How to complete this task: Leave out the pictures and repeat the data exactly.

Recorded data:
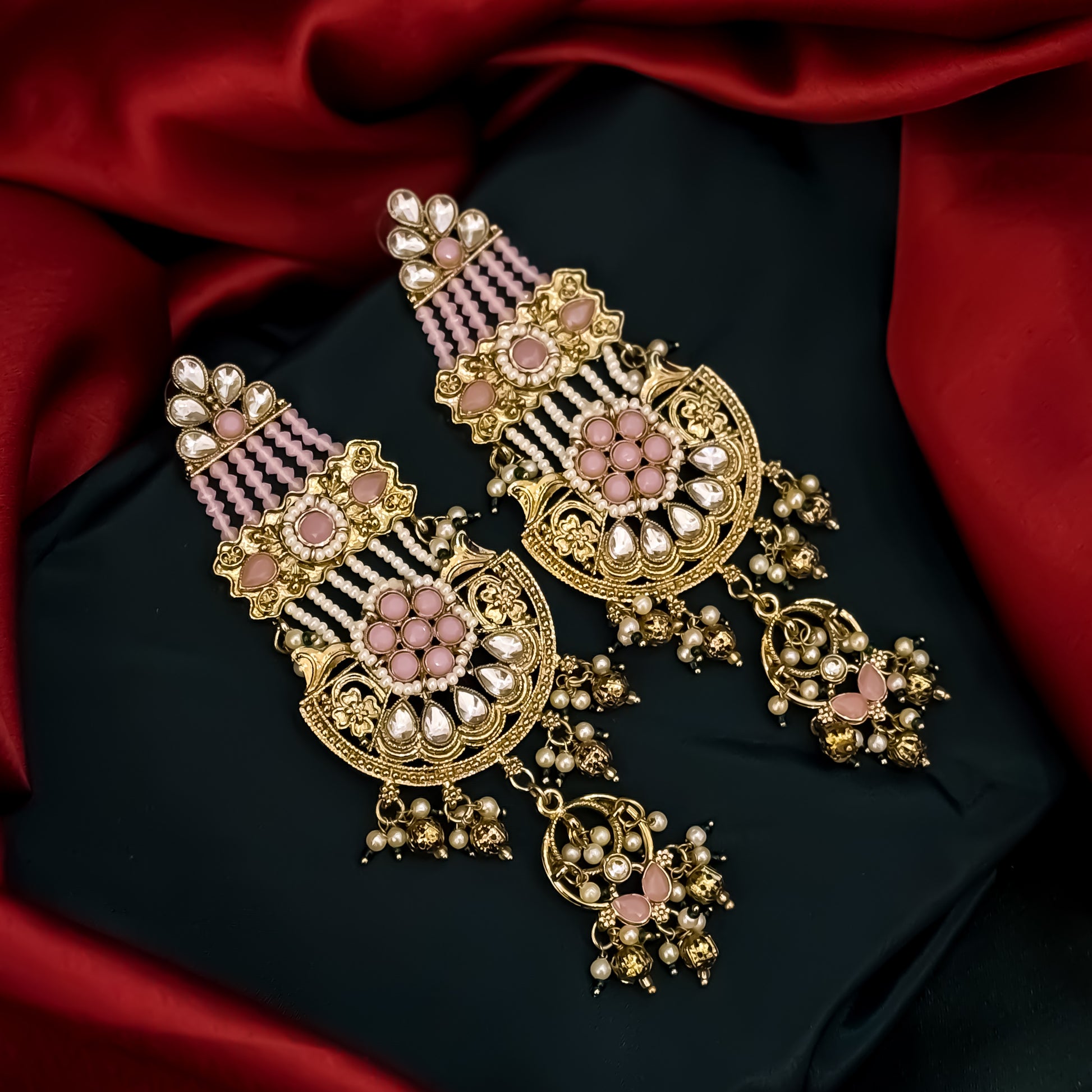 Raaj Rani Fusion Chandbali Earrings - Baby Pink
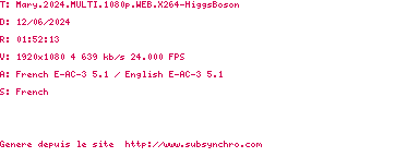 | Voir le nfo de la release Mary.2024.MULTI.1080p.WEB.x264-HiggsBoson | HiggsBoson | Mary.2024.MULTI.1080p.WEB.x264-HiggsBoson OpenSubtitles | 0 fichier | ||
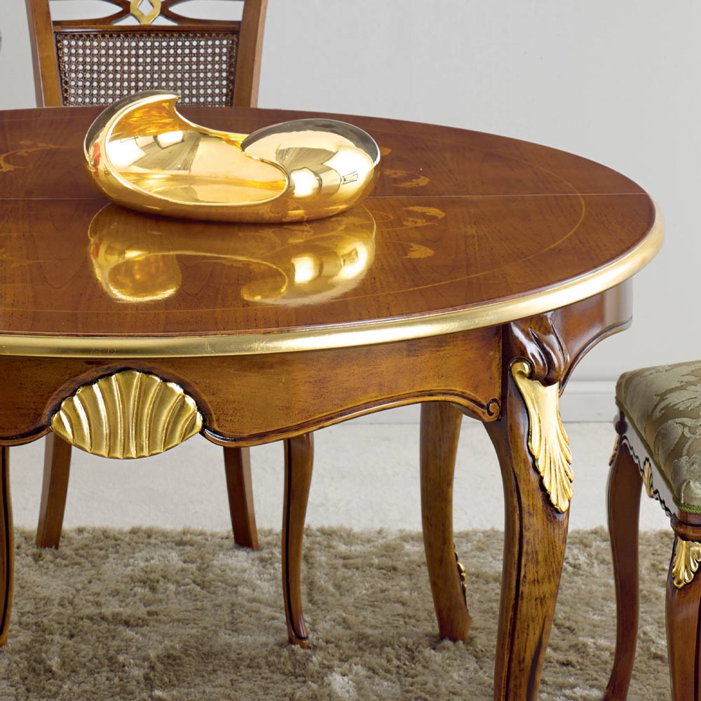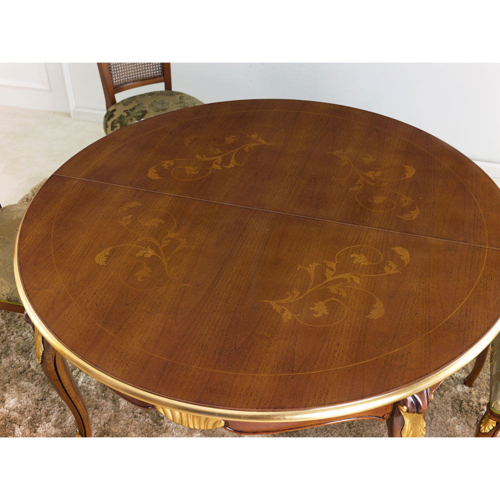 Masa de sufragerie cu blat rotund extensibil pana la 240 cm datorita a doua extensii interioare de 50 cm, realizata in intregime din lemn si disponibila in nuc Bassano si finisaje din lemn antic auriu sau alb si argintiu.
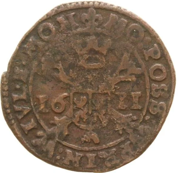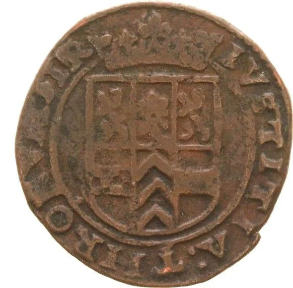 Burgundian cross with crowned Gelderland-Julich arms divides date.

Answer to this task:
 Raaj Rani Fusion Chandbali Earrings - Baby Pink
 | Voir le nfo de la release Mary.2024.MULTI.1080p.WEB.x264-HiggsBoson | HiggsBoson | Mary.2024.MULTI.1080p.WEB.x264-HiggsBoson OpenSubtitles | 0 fichier | ||
 Masa de sufragerie cu blat rotund extensibil pana la 240 cm datorita a doua extensii interioare de 50 cm, realizata in intregime din lemn si disponibila in nuc Bassano si finisaje din lemn antic auriu sau alb si argintiu.
 Burgundian cross with crowned Gelderland-Julich arms divides date.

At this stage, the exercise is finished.